The Circuit Court trial heard the tachograph on Mr McBride's lorry was found not to be working properly because the recording disc had been incorrectly inserted.
The truck driver had gone to bed at midnight and got up at 4.30am to go to work.
He drove from his Armagh home to Kells, then onto Cork and was on his way back to Kells when the tragic collision occurred.
He had driven a total of 470km since he left home.
The driver had insisted to Gardaí he had taken the required breaks of 15 minutes and 30 minutes during that period.
Because the tachograph was not working properly, Gardaí could not verify from it all the travel and stoppage details of the lorry.
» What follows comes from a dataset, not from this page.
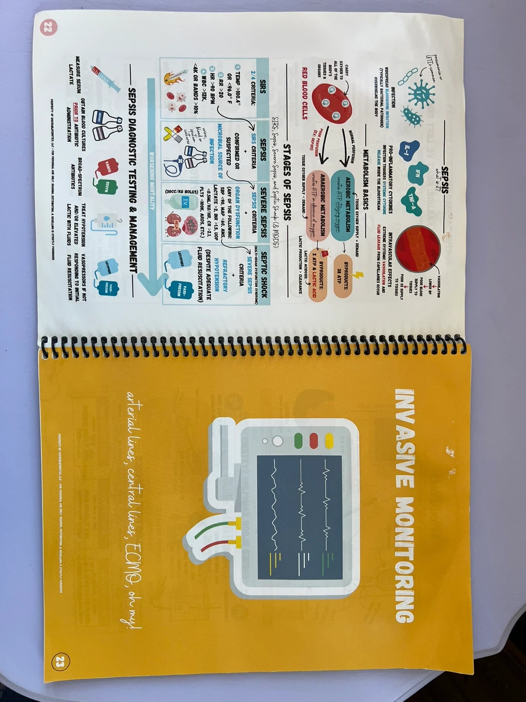 It is a visual guide to critical care nursing that includes information on topics such as sepsis, invasive monitoring, and vasopressors & inotropic agents

However, the Circuit Court heard that officers disputed the stop periods claimed as the lorry was equipped with a toll scanner - and when Gardaí recreated the journey from its details, they found the trip did not match the claimed driver breaks.
Mr McBride insisted at the scene and to Gardaí that the accident was caused when he suddenly suffered a sudden bout of sneezing and his vehicle drifted out of its lane onto the hard shoulder where the tragic collision occurred.
Ms Kenny's father, Paddy, attended the inquest but did not comment.
Last year, Nicola's parents, Ann and Paddy, said their lives had been left devastated by the tragedy.
"The death of Nicola as a young mother was devastating both for myself and my entire family," her mother said.
"Life will never be the same again."
Nicola's father, Paddy, said they are now raising Lily Rose.
"It has left a huge hole in our lives - Nicola's death is a big loss to our family and Lily Rose will have to grow up without her mother," he said.